If the stock market boom of the past few years was really just a bubble inflated by Wall Street tycoons, then was his check, which was secured by his entire fortune, buying hope or a ticket to hell?

He read the ending with a pounding heart:

The next day, he was found on a bench in Central Park. He had wrapped the New York Daily News around himself like a blanket and was muttering to himself, "The economic fundamentals... are very healthy... this prosperity is not a flash in the pan... President Hoover said it himself..."

A passerby shook his head: "Another one who's gone crazy from stock speculation."

The newspaper in James's hand slipped onto the table.

The sunlight outside the window shone on the skyscrapers of Manhattan in the distance, which should have looked magnificent, but in James' eyes, those buildings looked like giant tombstones.

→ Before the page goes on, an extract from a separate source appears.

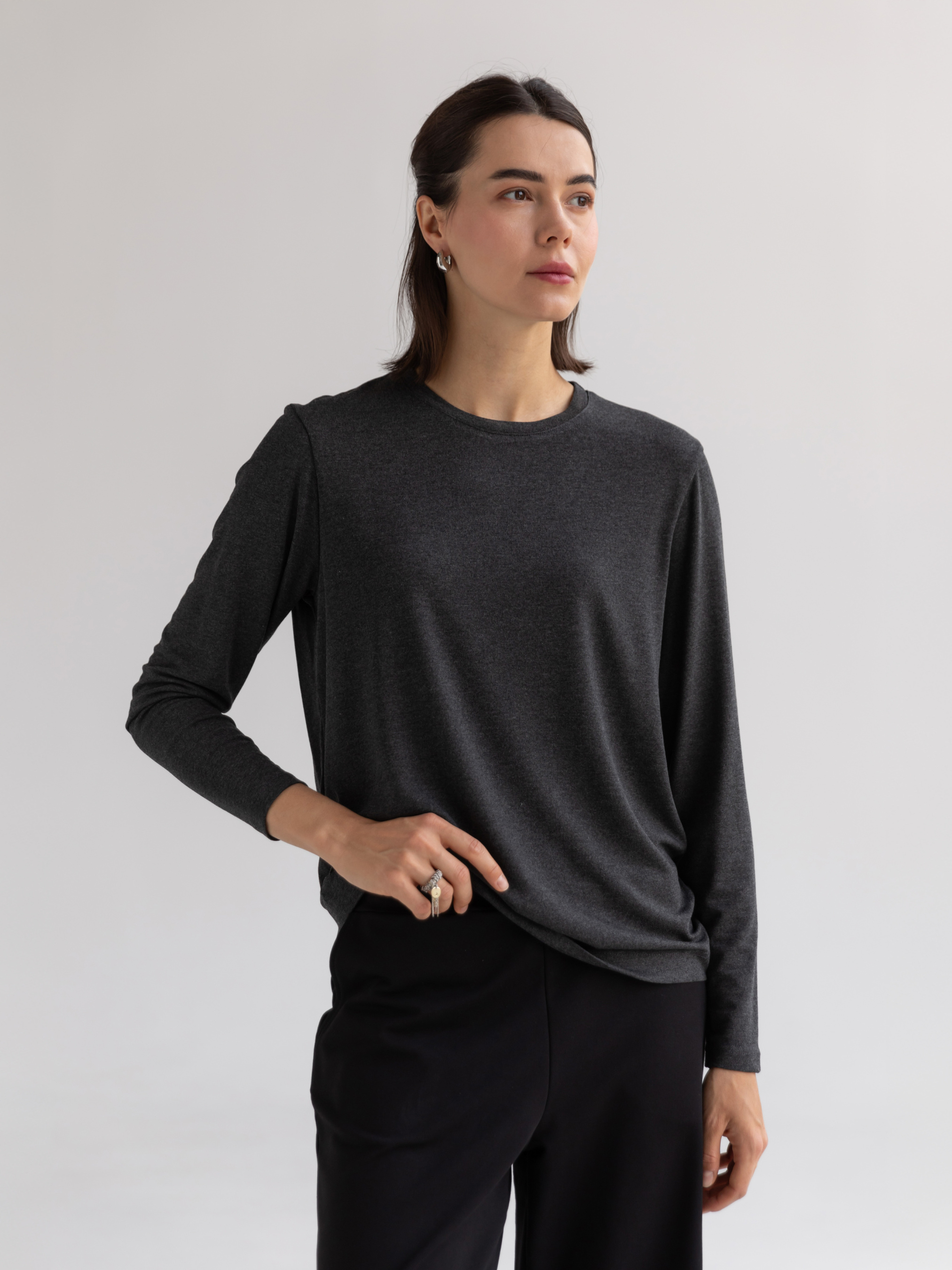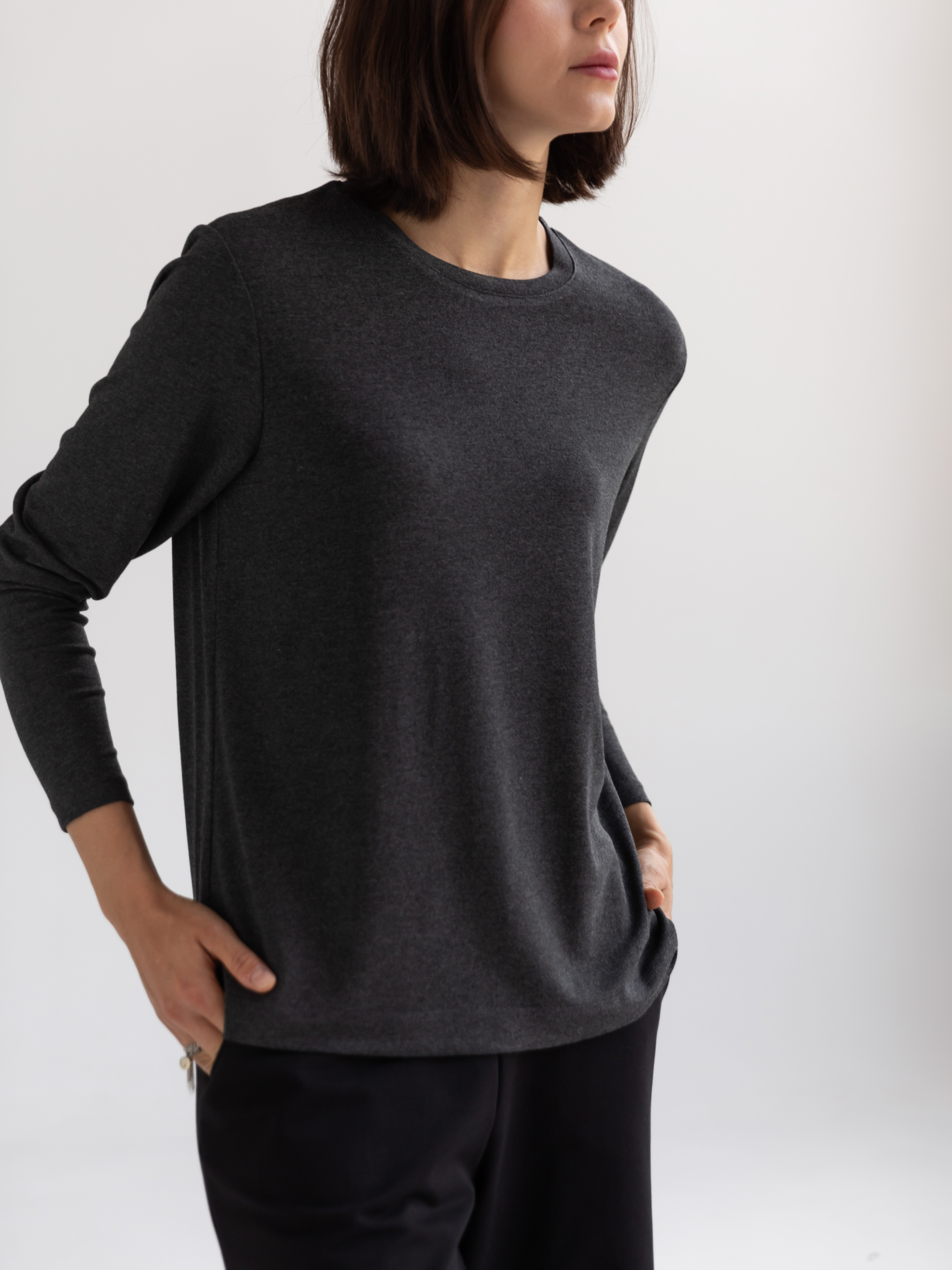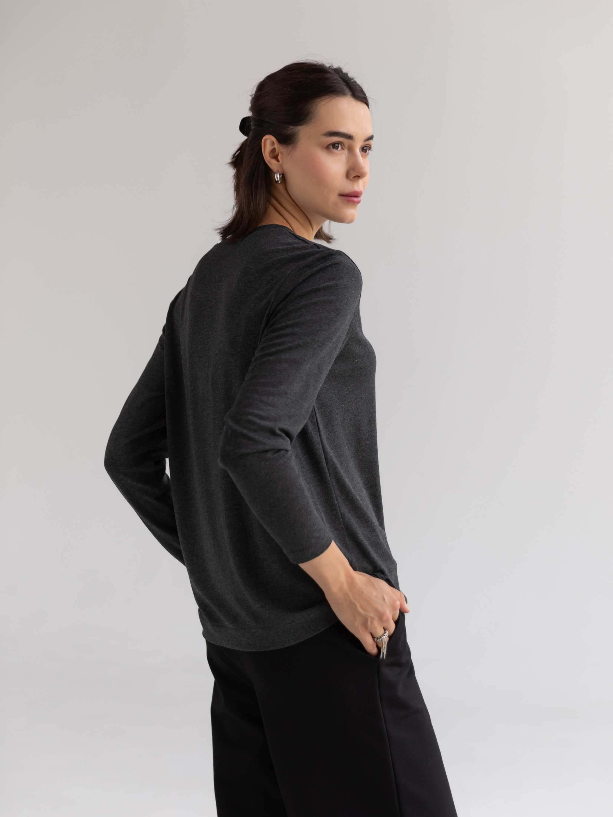Жіночий лонгслів із м’якої віскозної тканини стане функціональною основою вашого гардеробу завдяки універсальному дизайну та нейтральному меланжевому відтінку. Вільний крій забезпечує комфортну посадку, дозволяючи тілу дихати протягом усього дня. Модель оснащена класичним круглим вирізом горловини та напівспущеною лінією плечей, що надає виробу розслабленого, але водночас стильного вигляду. Цей лонгслів легко поєднується як із повсякденними, так і з більш формальними образами, залишаючись актуальним протягом усього року. Завдяки базовій конструкції, він ідеально підходить для багатошарових поєднань із куртками, жилетами чи кардиганами. Легкий у догляді, лонгслів зберігає свою форму після численних прань, залишаючись комфортним і елегантним елементом вашого гардеробу. Матеріал: трикотажне полотно кулірна гладь Сезон: всесезонне Склад: 95% віскоза 5% еластан Зріст моделі: 175 Параметри моделі: 82-63-92 Розмір виробу на моделі: S

That guy named Van Dijk went mad, but what he kept repeating after he went mad were the same maxims that every politician and expert talks about every day.

"This isn't a story...this is clearly a will." James felt a strong sense of nausea rising in his heart.

He remembered the broker who had persuaded him to mortgage his property, and the greedy glint in the broker's eyes.

He suddenly realized that if he actually put the check in, he would most likely be the next Van Dijk wrapped in newspapers and sleeping on a park bench.

"Fuck American radio, fuck Hoover!"

James suddenly let out a suppressed growl.

He suddenly stood up, the movement so forceful that he almost knocked over the table.

"Mr. Miller, your bacon hasn't arrived yet!" the shopkeeper, Old Joe, called out from behind the counter, sounding puzzled.

"I'm not eating! Old Joe, help me put the newspaper away, I'm keeping it to remind myself all the time!" James rushed out of the coffee shop without looking back, plunging headfirst into the cold morning wind.

His destination was no longer the stock exchange on Wall Street, but the savings bank that had not yet opened.

He wanted to personally withdraw the mortgage loan that could cost him his life before that damned contract took effect.